#### Assigned task
Set down all of the entries below word for word, with the pictures left out.
[Material shown]
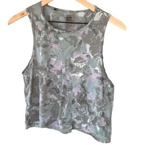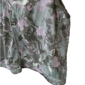 Gymshark camo print active tank top in a pink/ green camoflauge print. Scoop neck, larger arm holes with contrast stitching detail and shorter/crop cut. Excellent condition. No callouts. Fabric is nylon and elastine for a lightweight, slightly sheer material.
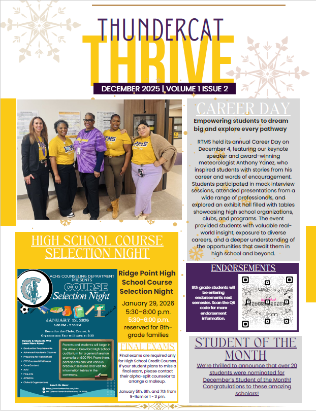 Professional School Counselors are available at Ronald Thornton Middle School to provide a Comprehensive Developmental Guidance Program and services for all students in the areas of:
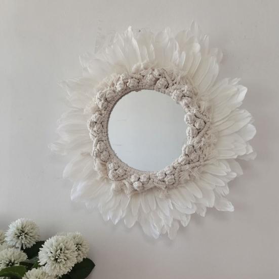ТЫ ХОМ: Ваш модный домашний декор Что может предложить вам этот декор настенного зеркала, так это то, что он завернут в перья и хлопчатобумажную веревку, даже если он случайно упадет, он не сломается. Этот декор настенного зеркала, который имеет акриловый зеркальный дизайн, может быть использован в качестве зеркала при украшении вашей комнаты. Он изготовлен из акрилового анти-капельного зеркала, пера, ватного веревочного плетеного венка и соломенного дна. Диаметр этого изделия составляет 45см. Он подходит для гостиной, детской игровой комнаты, столовой, кухни, спортивных залов, дома, офиса, прихожей, крыльца и многих других. Имя элемента: Зеркало декор Материал: Акрил, хлопковая веревка, синтетическое перо Характеристики: Ручная работа, Анти-капли, Стильный Детали размера: Диаметр зеркального декора: 45см(Прибл.) Заметки: Из-за разницы в освещении и настройках экрана цвет элемента может немного отличаться от изображения. Пожалуйста, позвольте небольшую разницу в размерах из-за различных ручных измерений. В коплект входит: 1 x Зеркальный декор
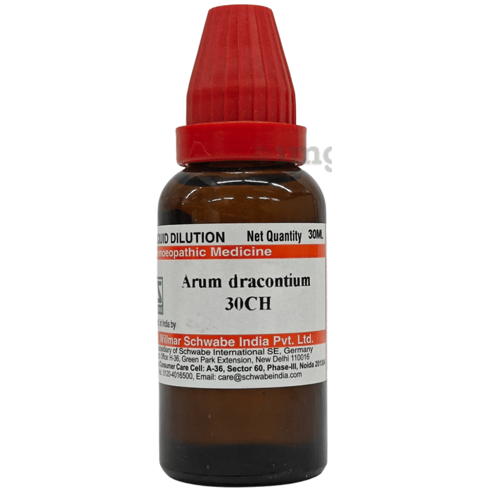 Dr Willmar Schwabe India Arum Dracontium Dilution 30 CH is a homoeopathy medicine intended for use as a homeopathic remedy.
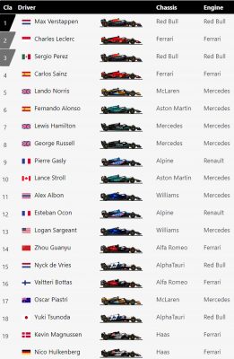 Οι Ferrari κυνηγούσαν τον Verstappen με τον Hamilton να βρίσκεται σε καλή μέρα αλλά να παίρνει ποινή 5 δλ. για υπέρβαση ορίων πίστας. Αντίθετα, ο Perez δεν ήταν και στα καλύτερά του. Βροχή έπεφταν οι ποινές 5 δευτερολέπτων για τα όρια της πίστας.
[/Material shown]
#### Response to this task
 Gymshark camo print active tank top in a pink/ green camoflauge print. Scoop neck, larger arm holes with contrast stitching detail and shorter/crop cut. Excellent condition. No callouts. Fabric is nylon and elastine for a lightweight, slightly sheer material.
 Professional School Counselors are available at Ronald Thornton Middle School to provide a Comprehensive Developmental Guidance Program and services for all students in the areas of:
ТЫ ХОМ: Ваш модный домашний декор Что может предложить вам этот декор настенного зеркала, так это то, что он завернут в перья и хлопчатобумажную веревку, даже если он случайно упадет, он не сломается. Этот декор настенного зеркала, который имеет акриловый зеркальный дизайн, может быть использован в качестве зеркала при украшении вашей комнаты. Он изготовлен из акрилового анти-капельного зеркала, пера, ватного веревочного плетеного венка и соломенного дна. Диаметр этого изделия составляет 45см. Он подходит для гостиной, детской игровой комнаты, столовой, кухни, спортивных залов, дома, офиса, прихожей, крыльца и многих других. Имя элемента: Зеркало декор Материал: Акрил, хлопковая веревка, синтетическое перо Характеристики: Ручная работа, Анти-капли, Стильный Детали размера: Диаметр зеркального декора: 45см(Прибл.) Заметки: Из-за разницы в освещении и настройках экрана цвет элемента может немного отличаться от изображения. Пожалуйста, позвольте небольшую разницу в размерах из-за различных ручных измерений. В коплект входит: 1 x Зеркальный декор
 Dr Willmar Schwabe India Arum Dracontium Dilution 30 CH is a homoeopathy medicine intended for use as a homeopathic remedy.
 Οι Ferrari κυνηγούσαν τον Verstappen με τον Hamilton να βρίσκεται σε καλή μέρα αλλά να παίρνει ποινή 5 δλ. για υπέρβαση ορίων πίστας. Αντίθετα, ο Perez δεν ήταν και στα καλύτερά του. Βροχή έπεφταν οι ποινές 5 δευτερολέπτων για τα όρια της πίστας.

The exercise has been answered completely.